### Activity:
Any images in the material are to be dropped while every line is retyped exactly.

### Provided data:
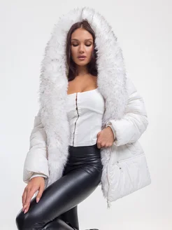 Куртка зимняя короткая с мехом и капюшоном
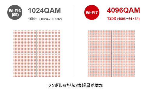 変調方式の改善により、通信効率が向上します。一度に表現できる情報量が、1024QAM(10bit)→ 4096QAM(12bit)に増加し、これにより通信速度が1.2倍に増加します。近距離通信時に有効な機能です。
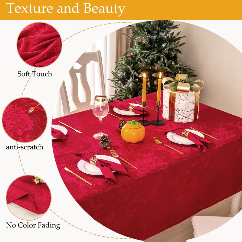 - Yuletide Vigor: este mantel floral jacquard con flores de invierno en plena floración, te transporta a un jardín de invierno, añadiendo un toque de belleza natural a nuestra Navidad. La belleza única hace que tu mesa sea el foco de la envidia de los invitados.
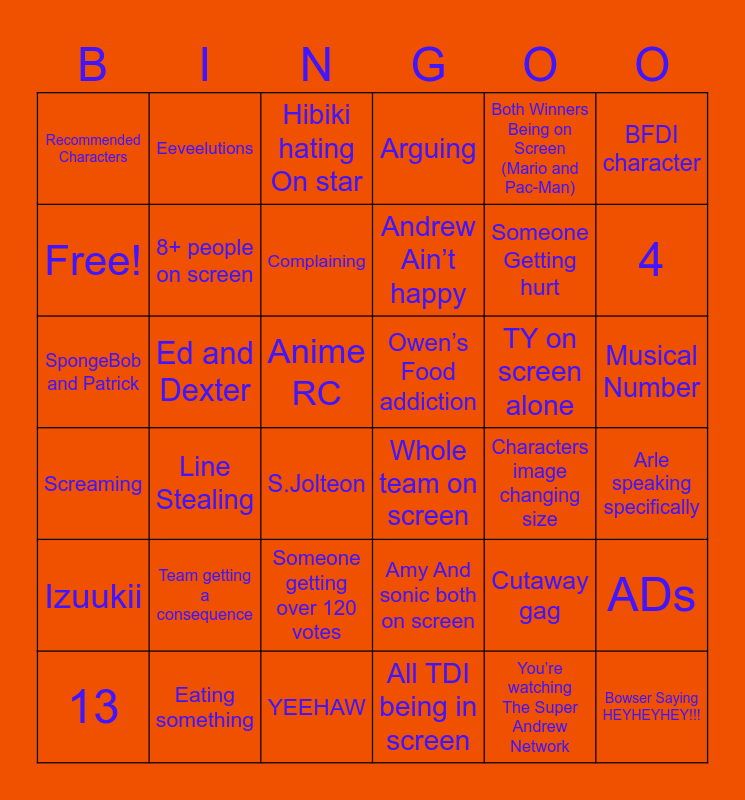This bingo card has 36 words: Screaming, Line Stealing, YEEHAW, Andrew Ain’t happy, TY on screen alone, Musical Number, Recommended Characters, Eating something, Hibiki hating On star, Amy And sonic both on screen, Someone Getting hurt, BFDI character, Izuukii, Ed and Dexter, Complaining, Arguing, Cutaway gag, Arle speaking specifically, Free!, 8+ people on screen, S.Jolteon, Whole team on screen, Characters image changing size, ADs, SpongeBob and Patrick, Eeveelutions, Anime RC, All TDI being in screen, Both Winners Being on Screen (Mario and Pac-Man), 4, 13, Team getting a consequence, Someone getting over 120 votes, Owen’s Food addiction, You’re watching The Super Andrew Network and Bowser Saying HEYHEYHEY!!!.
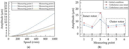 By adding the same unbalance mass to the inner and outer counterweight disks, respectively, the steady-state response of the dual rotor system at different measuring points under the unbalanced force was studied. The unbalance of the simulation was 2599 gmm, and the measured response corresponded to a speed of 1000 r/min (inner rotor speed). When the inner rotor was unbalanced, the steady-state response of each measured point was as shown in Figure 8a. When the unbalance was on the outer rotor, the steady-state response of each measured point was similar to Figure 8a. The unbalanced vibration response under all operating conditions is shown in Figure 8b, and the corresponding unbalanced vibration response data are shown in Table 1.
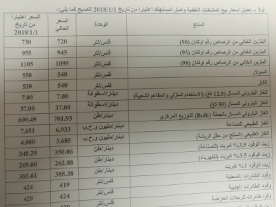رفع اسعار البنزين والديزل وتخفيض الكاز On ديسمبر 31, 2017 Share شبكة وهج نيوز : قررت لجنة تسعير المحروقات اليوم الاحد رفع أسعار البنزين اوكتان 90 واوكتان 95 ومادة الديزل قرشا واحدا للتر.بينما قررت تخفيض سعر مادة الكاز 3 قروش للتر الواحد. Share FacebookTwitterGoogle+ReddItWhatsAppPinterestالبريد الإلكتروني
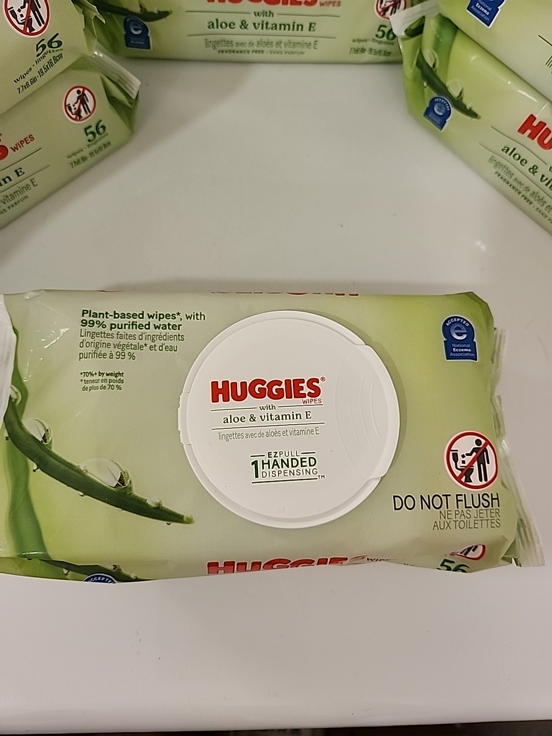 как выглядит Lot Of 7 Huggies Aloe Vitamin E Wipes, Unscented, 7 Pack, 56 ct Each New фото
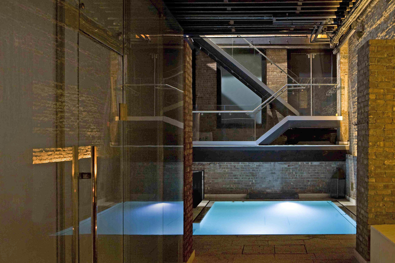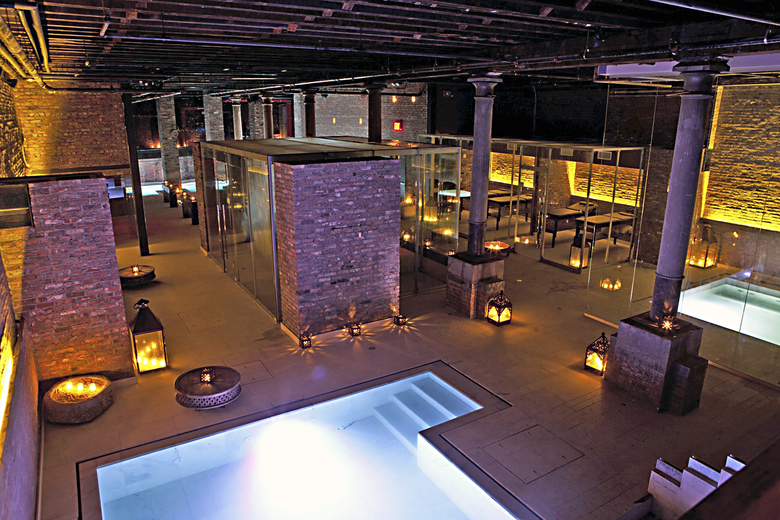 The recovery of the concept of health and relaxation, moved to the urban core city, locating their activities in a historical building protected by the city materially. So on the ground floor are arranged reception areas and different costumes (male and female) while the ground floor is generated ample space, with component of calm, of stillness, of certain environmental mysticism. And all recovering and highlighting original materials: ceramic brick, wooden beams, columns metal casting. The succession of glasses of pools of different temperatures, natural limestone covered in white, shining highlight in the atmosphere generated with enhancing lighting purpose. The elegant glass box center, houses the steam historicist values recover the "Hamman" center of gravity authentic visual functional. The atmosphere of gloom sought and enhanced from the very initial design, power and amplifies the feeling of relaxation intended. The positive effect of surprise for the user supports the goodness of the proposal, that is located between the top spa destinations worldwide, in most reference seekers. The number of departments / facilities there are: -7 different water pools encompassing various treatments (flotarium- salt water floating pool, pools for relaxation, temperature contrast pools (hot water of 42º, cold water of 14º), jet massage pools, Jacuzzis, etc. -1 enormous Steam Bath in the center of the space uniting all of the pools which circle around this area. -Various Massage Rooms -Wine Therapy Room -Heated Relaxation Benches -Space for live classical musical concerts
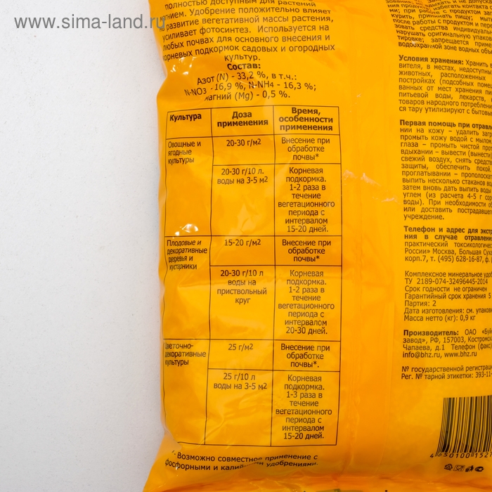 Назначение: Удобрение предназначено для развития вегетативной массы растения и усиления фотосинтеза. Используется на любых почвах для основного внесения и корневых подкормок садовых и огородных культур.

### Solution below:
 Куртка зимняя короткая с мехом и капюшоном
 変調方式の改善により、通信効率が向上します。一度に表現できる情報量が、1024QAM(10bit)→ 4096QAM(12bit)に増加し、これにより通信速度が1.2倍に増加します。近距離通信時に有効な機能です。
 - Yuletide Vigor: este mantel floral jacquard con flores de invierno en plena floración, te transporta a un jardín de invierno, añadiendo un toque de belleza natural a nuestra Navidad. La belleza única hace que tu mesa sea el foco de la envidia de los invitados.
This bingo card has 36 words: Screaming, Line Stealing, YEEHAW, Andrew Ain’t happy, TY on screen alone, Musical Number, Recommended Characters, Eating something, Hibiki hating On star, Amy And sonic both on screen, Someone Getting hurt, BFDI character, Izuukii, Ed and Dexter, Complaining, Arguing, Cutaway gag, Arle speaking specifically, Free!, 8+ people on screen, S.Jolteon, Whole team on screen, Characters image changing size, ADs, SpongeBob and Patrick, Eeveelutions, Anime RC, All TDI being in screen, Both Winners Being on Screen (Mario and Pac-Man), 4, 13, Team getting a consequence, Someone getting over 120 votes, Owen’s Food addiction, You’re watching The Super Andrew Network and Bowser Saying HEYHEYHEY!!!.
 By adding the same unbalance mass to the inner and outer counterweight disks, respectively, the steady-state response of the dual rotor system at different measuring points under the unbalanced force was studied. The unbalance of the simulation was 2599 gmm, and the measured response corresponded to a speed of 1000 r/min (inner rotor speed). When the inner rotor was unbalanced, the steady-state response of each measured point was as shown in Figure 8a. When the unbalance was on the outer rotor, the steady-state response of each measured point was similar to Figure 8a. The unbalanced vibration response under all operating conditions is shown in Figure 8b, and the corresponding unbalanced vibration response data are shown in Table 1.
رفع اسعار البنزين والديزل وتخفيض الكاز On ديسمبر 31, 2017 Share شبكة وهج نيوز : قررت لجنة تسعير المحروقات اليوم الاحد رفع أسعار البنزين اوكتان 90 واوكتان 95 ومادة الديزل قرشا واحدا للتر.بينما قررت تخفيض سعر مادة الكاز 3 قروش للتر الواحد. Share FacebookTwitterGoogle+ReddItWhatsAppPinterestالبريد الإلكتروني
 как выглядит Lot Of 7 Huggies Aloe Vitamin E Wipes, Unscented, 7 Pack, 56 ct Each New фото
 The recovery of the concept of health and relaxation, moved to the urban core city, locating their activities in a historical building protected by the city materially. So on the ground floor are arranged reception areas and different costumes (male and female) while the ground floor is generated ample space, with component of calm, of stillness, of certain environmental mysticism. And all recovering and highlighting original materials: ceramic brick, wooden beams, columns metal casting. The succession of glasses of pools of different temperatures, natural limestone covered in white, shining highlight in the atmosphere generated with enhancing lighting purpose. The elegant glass box center, houses the steam historicist values recover the "Hamman" center of gravity authentic visual functional. The atmosphere of gloom sought and enhanced from the very initial design, power and amplifies the feeling of relaxation intended. The positive effect of surprise for the user supports the goodness of the proposal, that is located between the top spa destinations worldwide, in most reference seekers. The number of departments / facilities there are: -7 different water pools encompassing various treatments (flotarium- salt water floating pool, pools for relaxation, temperature contrast pools (hot water of 42º, cold water of 14º), jet massage pools, Jacuzzis, etc. -1 enormous Steam Bath in the center of the space uniting all of the pools which circle around this area. -Various Massage Rooms -Wine Therapy Room -Heated Relaxation Benches -Space for live classical musical concerts
 Назначение: Удобрение предназначено для развития вегетативной массы растения и усиления фотосинтеза. Используется на любых почвах для основного внесения и корневых подкормок садовых и огородных культур.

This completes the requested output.